Pythagorian triple

[Roadrunner]

Is there a way to tell tht 8, 15, and 17 is a Pythagorian triple without calculating?

 

In this particular problem DS knew one side was 8*3 =24, another side was 15*3=45, so my kid solved for the third side the long way, but didn't know 8,15,17 is a triple. Are we suppose to memorize some of those triples, or is there a way to tell.

 

He does understand 3:4:5

[elmerRex]

Hope that I am saying this right: No.

 

Here is why: There are infinite numbers of "Pythagorean Triplets" it will be impossible for most students or teachers to tell--without effort if it is a PT they are looking at, but there are a couple of patterns to them as a whole.

 

Tripletss are always one of two types--or almost always one of these two types, I do not know an exception, but I am not a math master.

Type 1--ALL 3 are even

Type 2--2/3 are odd and 1/3 is even.

 

It can be much fun to talk about WHY these patterns exist.

[regentrude]

I don't know whether there is an easy way to tell that 3 numbers for a Pythagorean triple other than trying it out.

 

You can construct triples by using Euclid's formula: if you take two integers, m>n, then a=m^2-n^2, b= 2mn, and c=m^2+n^2 form a triple.

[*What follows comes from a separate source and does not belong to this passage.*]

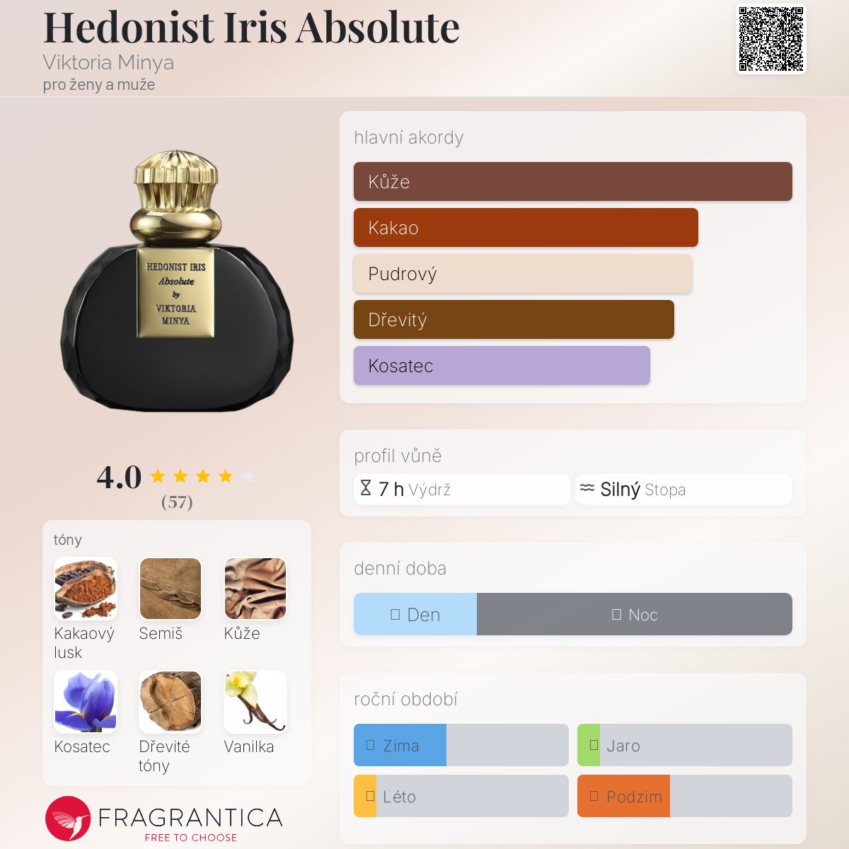 Hedonist Iris Absolute podle Viktoria Minya je Orientální Vanilla vůně pro ženy a muže. Hedonist Iris Absolute byl/a uveden/a v roce 2019. "Nosem" za touto vůní je Viktoria Minya. Vrchní tón je Kosatec ; střední tóny jsouSemiš a Kůže ; základní tóny jsou Kakao, Vzácné dřevo, Vanilka a Jantar (ambra).

For 8, 15, 17, m=4 and n=1.

So, if he student knows this, he could try to see if he can identify a pair of m,n for his three numbers. Note that this only works for primitive triples; if the numbers share a common factor, you first need to separate that factor (like in all triples that consist of three even numbers).

 

I'd make sure students recognize the 3-4-5 triple because that occurs a lot. Beyond that, nope.

[wendyroo]

When I was an SAT tutor, we taught students to look for the triples 3, 4, 5 and 5, 12, 13 because those were the ones that showed up most frequently on the test and could save a student considerable time.

 

Wendy

[Roadrunner]

O.K. That's good to know. He can spot 3-4-5 easily, but didn't spot 8,15,17. This was aops preA problem and the solution used the triple to solve it. It sounded to me that DS should have somehow been able to recognize it, so I am glad that isn't so. I might just add some of those triples to our "math poster." :)

[kiana]

The only ones that stick in my memory are 3:4:5, 5:12:13, 7:24:25, 8:15:17

 

BUT -- if he knows that one side is 3a and another side is 3b, he should be able to reason through and get that that the third side must be 3c, where a:b:c are the sidelengths of a right triangle.

[Roadrunner]

.

[Luckymama]

Dd has seen 7:24:25 so many times this year in AoPS precalc and in prepping for the SAT Math 2 subject test.

[Roadrunner]

Dd has seen 7:24:25 so many times this year in AoPS precalc and in prepping for the SAT Math 2 subject test.

 

I am going to write some of those out and put them on the wall.